Existing multimodal large language models (MLLMs) used as evaluators face a fundamental trade-off: outputting a single scalar score contradicts their generative nature and hinders fine-grained assessment, while autoregressive, step-by-step analysis severely limits inference throughput in high-scale evaluation scenarios. Method: We propose YOFO—a structured-template-based, efficient multidimensional evaluation paradigm that reformulates evaluation as parallel binary classification across multiple criteria, resolved via a single forward pass. Leveraging autoregressive decoding, YOFO conditionally generates logits for the final token of each dimension under template guidance to enable simultaneous yes/no decisions, supporting dependency-aware analysis and post-hoc chain-of-thought augmentation. Results: On recommendation evaluation benchmarks, YOFO achieves state-of-the-art performance with inference speedups of several orders of magnitude, offering unprecedented efficiency, strong interpretability, and full alignment with generative modeling principles.

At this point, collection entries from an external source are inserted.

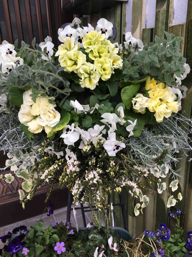 プリムラとビオラのハンギングバスケット💕今年植えこむ最後のハンギングかな?
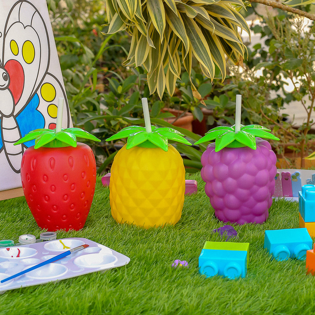 Add a splash of fun to your drinks with these fruit-inspired straw tumblers, designed to resemble pineapples, grapes, and strawberries. Perfect for parties, picnics, or everyday use, these lightweight and durable tumblers come with reusable straws for easy sipping. The secure screw-on lids prevent spills, making them great for on-the-go beverages. Serve your favorite juices, smoothies, or chilled drinks with these vibrant and playful tumblers!
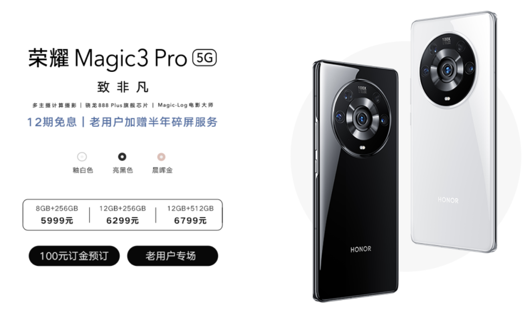 荣耀Magic3 Pro有晨晖金、釉白色、亮黑色3种配色。
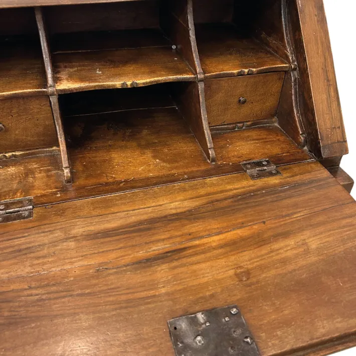 Originating from an exquisite French collection, this bureau is preserved in optimal condition, perfect for functional use or as part of living room décor, creating a pleasant and elegant atmosphere. It features original hardware, keys, and fittings from the period. Clean, straight lines are complemented by modulated detailing inside the drawers.
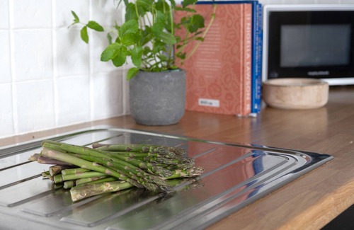 Well-equipped kitchen with electric oven and gas hob, fridge-freezer (3 drawers), Nespresso coffee machine, microwave, toaster,cafetière, dishwasher, washing machine. Iron and ironing board, clothes airer and hoover in understairs cupboard.

Multimodal large language models (MLLMs) show strong potential as judges. However, existing approaches face a fundamental trade-off: adapting MLLMs to output a single score misaligns with the generative nature of MLLMs and limits fine-grained requirement understanding, whereas autoregressively generating judging analyses is prohibitively slow in high-throughput settings. Observing that judgment reduces to verifying whether inputs satisfy a set of structured requirements, we propose YOFO, a template-conditioned method that judges all requirements in a single forward pass. Built on an autoregressive model, YOFO accepts a structured requirement template and, in one inference step, produces a binary yes/no decision for each requirement by reading the logits of the final token associated with that requirement. This design yields orders-of-magnitude speedups while preserving interpretability. Extensive experiments show that YOFO not only achieves state-of-the-art results on standard recommendation datasets, but also supports dependency-aware analysis-where subsequent judgments are conditioned on previous ones-and further benefits from post-hoc CoT.